CUDA is a language specific toolkit developed by NVidia that allows the programmer to perform general purpose computations (convolutions, fourier transforms, signal processing, bitcoin mining, ...) of NVidia cards. Since CUDA was one of the first widespread toolkits dedicated to GPGPU computations it has a large adoption in the high-performance computing community and there exists many GPU cluster machines (supercomputers build from GPU's) that perform computationally heavy tasks.

The main drawback (IMHO) of CUDA is that it restricts the user to NVidia specific platforms, and that it lacks support for some features. The main advantage is the ease of use coming from the mature toolkit and the integration into the programming language itself. (The later is also a drawback with it...)

OpenCL is an open standard maintained by Khronos (the same group that develops OpenGL) that serves to give a standardized interface for compute devices to be used from any programming language through a standardized API interfacing to one or more drivers. A compute device can here be a GPU or any other device that can perform parallel computations such as a multi-core CPU or a Cell-processor.

The main advantage (IMHO) with OpenCL is that is an Open Standard, that it works with a wide range of devices and that is (host) language agnostic. The main drawback, is that it is language agnostic. Using OpenCL directly from your C/C++/Python etc. code means a significant overhead in glue code - but once  you have this in place it gives you alot of flexibility as well as very good interfacing with OpenGL.

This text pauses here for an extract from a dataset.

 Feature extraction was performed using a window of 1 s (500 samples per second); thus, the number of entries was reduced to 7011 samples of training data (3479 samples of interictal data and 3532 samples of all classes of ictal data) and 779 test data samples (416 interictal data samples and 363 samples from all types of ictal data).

For the purpose of this blog I will write mainly on the development of algorithms and neat tricks for OpenCL and I use mainly AMD/ATI's OpenCL drivers and to some lesser extent Intel's OpenCL drivers.


  • AMD 5870 / 5870M / 6870 cards running on AMD APP drivers
  • AMD CPUs (x4, x6)  running on AMD APP drivers
  • Intel core i7 CPUs (x4)  running on AMD APP drivers
  • Intel core i7 CPUs (x4)  running on Intel's OpenCL drivers


In addition to the above device/driver combinations a common other combination is to use NVidia's OpenCL drivers. Currently I don't have access to modern NVidia hardware, but perhaps I'll get one for measuring differences at a later point.